### Goal of the exercise
Give the listing below again exactly, but without any of its pictures.

### Dataset extract
..............................
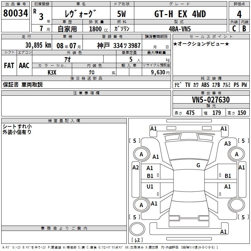 SUBARU LEVORG GT-H EX 4WD - лот 80034
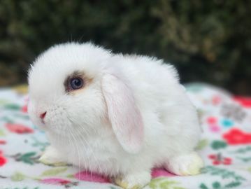 Daisy is a beautiful girl! She has white fur with orange and black Charlie markings and blue eyes. She forever has makeup on, like a true beauty queen. She is very cuddly and sweet and anyone would be fortunate to have her as their bunny best friend. She is ready for a new home on March 20. Please contact us for more photos or to reserve her today!
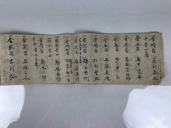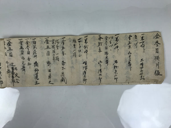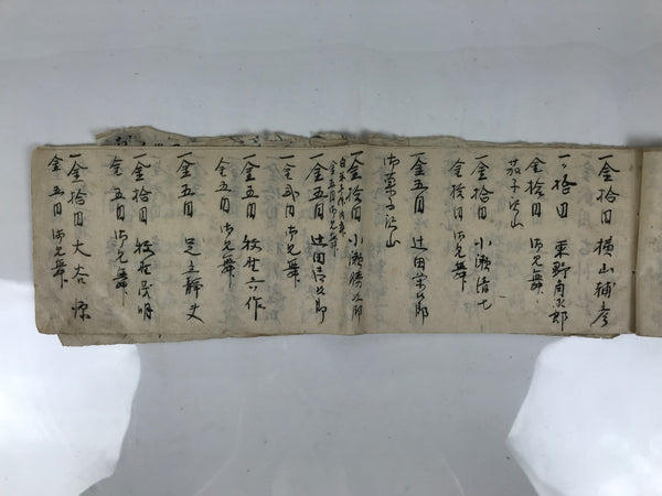 This is a vintage Japanese funeral record book called koten shoshiki kisaicho in Japanese. It is made of washi paper and is handwritten. It contains a record of money given by attendees at the funeral, with their names.
..............................
### Written response
 SUBARU LEVORG GT-H EX 4WD - лот 80034
 Daisy is a beautiful girl! She has white fur with orange and black Charlie markings and blue eyes. She forever has makeup on, like a true beauty queen. She is very cuddly and sweet and anyone would be fortunate to have her as their bunny best friend. She is ready for a new home on March 20. Please contact us for more photos or to reserve her today!
 This is a vintage Japanese funeral record book called koten shoshiki kisaicho in Japanese. It is made of washi paper and is handwritten. It contains a record of money given by attendees at the funeral, with their names.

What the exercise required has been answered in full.